§ **To do**
Nothing but an exact copy is asked for: the lines in the material below from the one with "接下来陈建军书记对2018年" through the one with "한경도 5일 김형오 전", pictures excluded.

++++ Task inputs

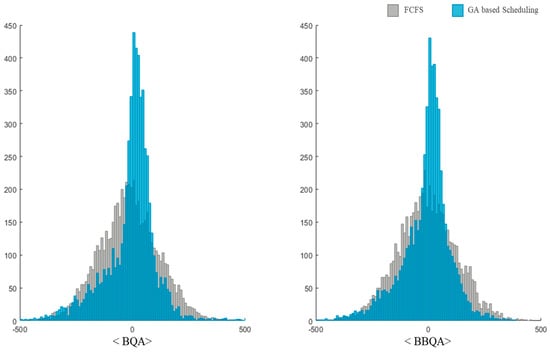 Figure 9 is a histogram of BQA and BBQA’s delay times. To check the excellence of the suggested BBQA model, a series of simulation experiments were performed. The delay time was calculated according to the difference between the actual time of arrival (ATA) and the scheduled time of arrival (STA); if this value is negative, it signals an early arrival. The delay time distribution difference between BQA and BBQA was not very significant. However, the BBQA model, similarly to existing models, had delay times closer to zero when using the genetic-algorithm-based scheduling model compared to when using the first-come-first-served (FCFS) model. Accordingly, it can be confirmed that the scheduling strategy that minimizes the deviation of STA and ATA is implemented well in the BBQA model.
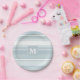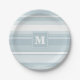 Monogram ice blue stripes paper plate
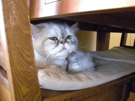 ボクは、やすみます。 テーブルのした。
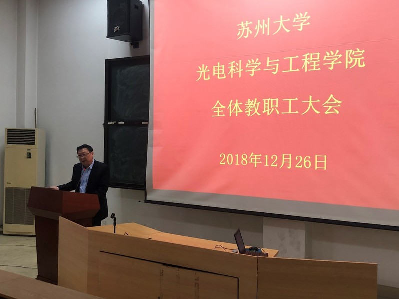 接下来陈建军书记对2018年度光电科学与工程学院教职工师德考核和年度考核工作进行了部署安排。要求各考核对象对照考核文件要求,认真撰写年度总结,填写考核登记表。各小组严格按照相关文件规定,及时完成考核任务。李孝峰院长就2019年自然基金申报工作做了进一步动员。许宜申副院长强调了期末考试相关安排及注意事项。
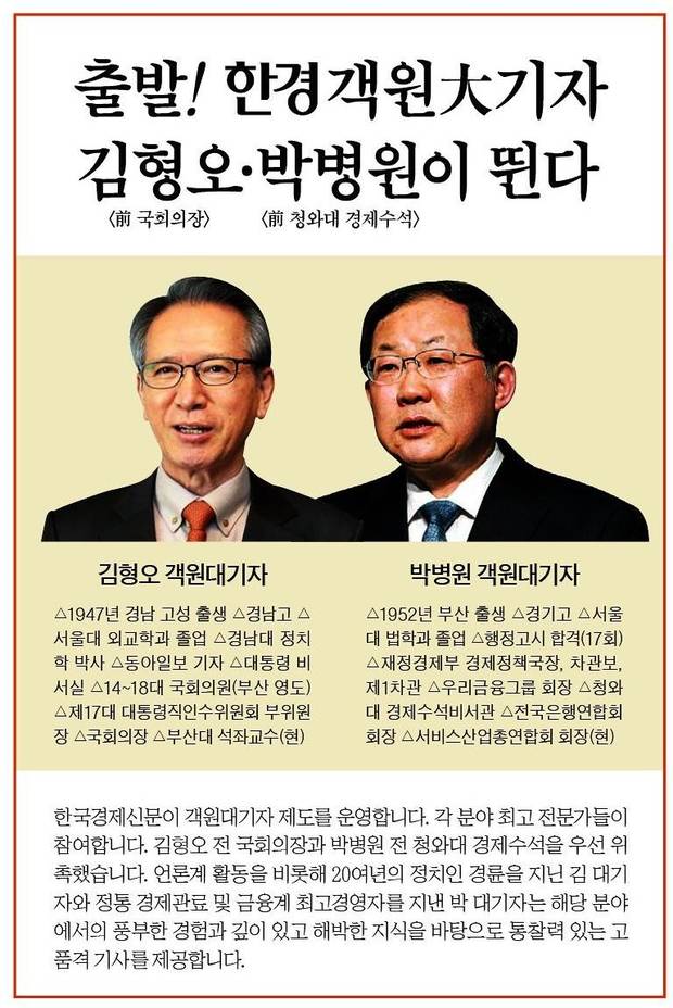 한경도 5일 김형오 전 국회의장과 박병원 전 청와대 경제수석을 객원대기자로 위촉한 데 이어 향후 객원대기자 수를 늘려나갈 방침이다.
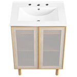Elevate your bathroom space with the Calla 24" Bathroom Vanity, where contemporary design meets everyday practicality. This single bathroom vanity features a durable particleboard construction with a smooth laminate finish that adds a modern touch to your bathroom decor. The unique perforated metal door fronts of this bathroom sink cabinet offer a stylish update while concealing ample storage space for all your bathroom essentials. This small space vanity is customizable with its adjustable shelf, designed to accommodate your plumbing needs with ease. The push-to-open doors and sleek dowel legs highlight its minimalist design, while the bathroom cabinet's non-marking, adjustable foot levelers protect your flooring. A high-quality ceramic sink basin with 8" widespread holes completes the look, ready for faucet installation (not included). The Calla vanity sink requires simple assembly, with clear instructions to guide you through the setup. Fixtures not included.
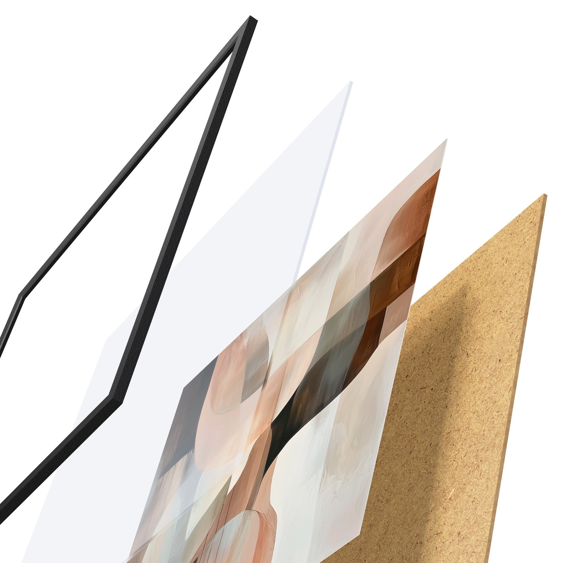 Plakát se skládá z rámu, plexiskla, tištěného obrazu a dřevotřískového podkladu. Díky úchytům na zadní straně lze plakát ihned zavěsit na zeď.
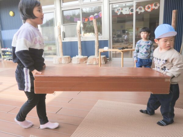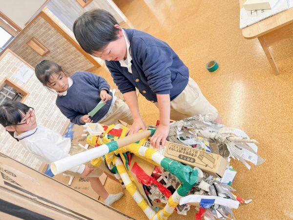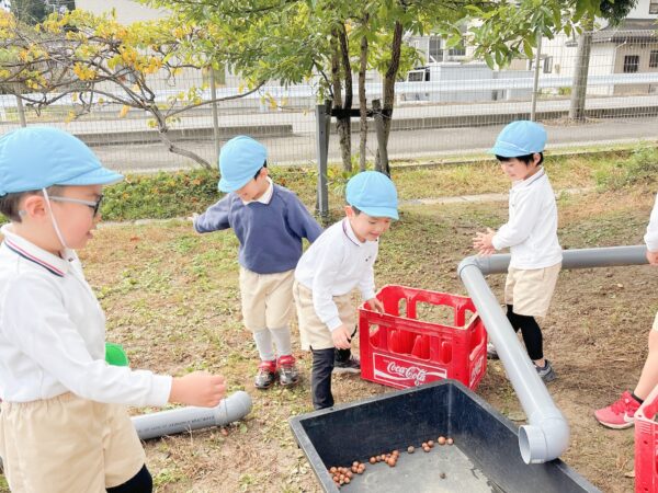 2学期も終盤に差し掛かり、園内のあちこちで、子どもたちが“力をあわせて”取り組む姿がたくさん見られています。 友だちの手をそっと貸したり、声をかけ合って挑戦したり、 ひとりでは難しいことも、みんなと一緒ならできる—— そんな場面が日々の生活の中にあふれています。 協力し合う楽しさや、できた時の喜びを分かち合いながら、 子どもたちは大きく成長していることを感じます。

++++++++

§ **Final answer**
 接下来陈建军书记对2018年度光电科学与工程学院教职工师德考核和年度考核工作进行了部署安排。要求各考核对象对照考核文件要求,认真撰写年度总结,填写考核登记表。各小组严格按照相关文件规定,及时完成考核任务。李孝峰院长就2019年自然基金申报工作做了进一步动员。许宜申副院长强调了期末考试相关安排及注意事项。
 한경도 5일 김형오 전 국회의장과 박병원 전 청와대 경제수석을 객원대기자로 위촉한 데 이어 향후 객원대기자 수를 늘려나갈 방침이다.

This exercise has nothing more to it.